IN examining women’s writing and travel experiences in Britain during the long eighteenth century, Zoë Kinsley tells a subtle story of how intersectionality and cultural engagement shaped feminine and British identities of the period. Her work in Women Writing the Home Tour, 1682–1812 confronts the generic questions surrounding travel writing, and does so in ways that illuminate the scholarly importance of travel writing and women writers’ responsiveness to traditions of manuscript and print circulation. Travel writing as a method of organizing, framing, and communicating an often disorderly experience seems necessarily concerned with questions of classification and order; thus, Kinsley begins with a detailed examination of the organizational strategies of women’s travel texts and their relation to Enlightenment habits of classification.

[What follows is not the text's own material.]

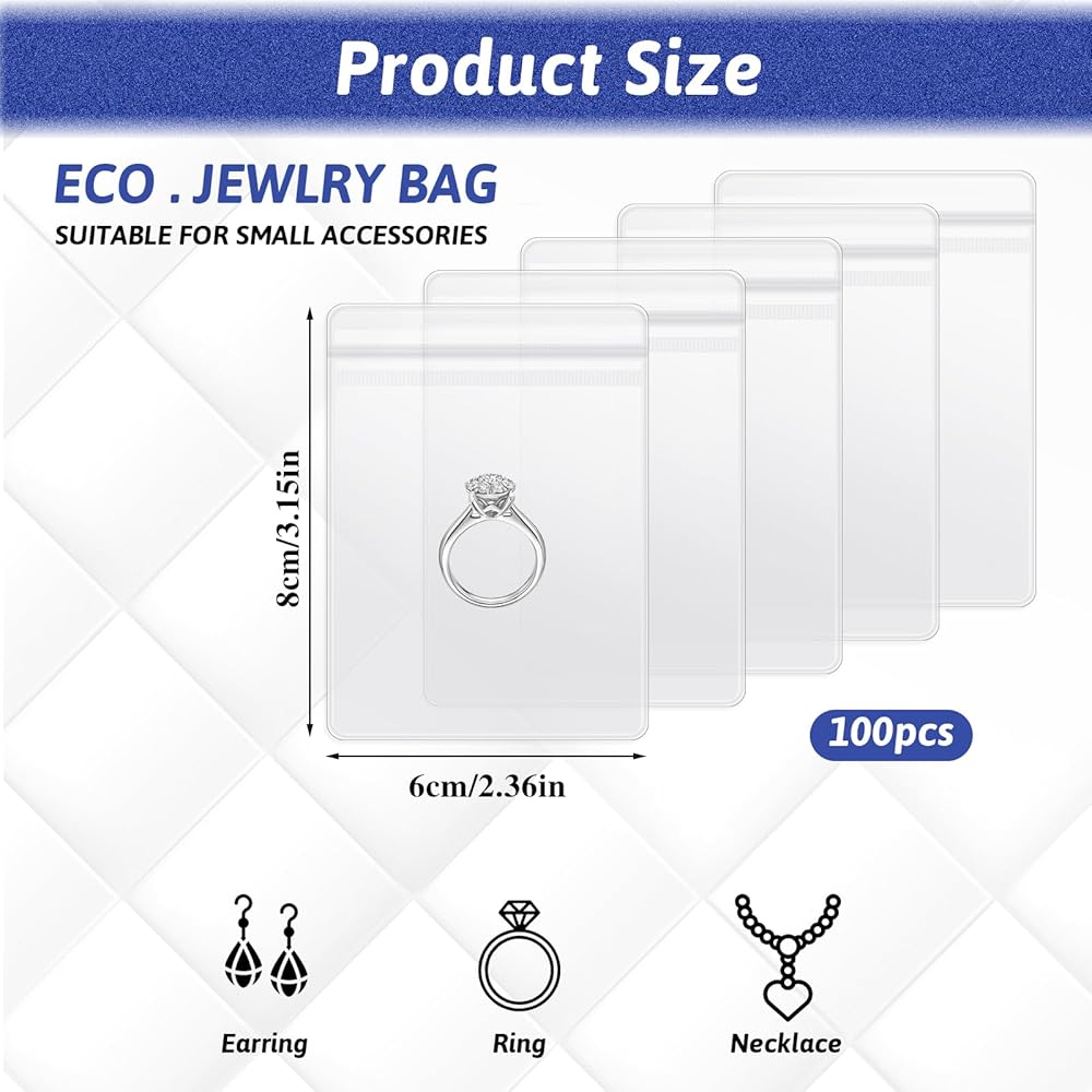 【Packing List】You will receive 100pcs jewelry bags clear plastic, size is 6 X 8 cm/2.36 X 3.15 in

Kinsley points to the classificatory concerns of lexicography, cartography, and encyclopaedia production of the period to emphasize the goal, shared among these pursuits, of using strict organizational systems to establish authority for their definitional projects. In women’s travel writing, the field of knowledge to be organized is the mind and memory, as incidents and observations crowding the brain are disciplined into coherence and classificatory authority by organizing one’s writing and by the act of writing itself. Kinsley’s focus on the organizational strategies adopted by women travel writers thus constitutes a simultaneous examination of the drive towards objectivity and instruction in travel writing of the period and of the textual choices available to and developed by the women writers she discusses.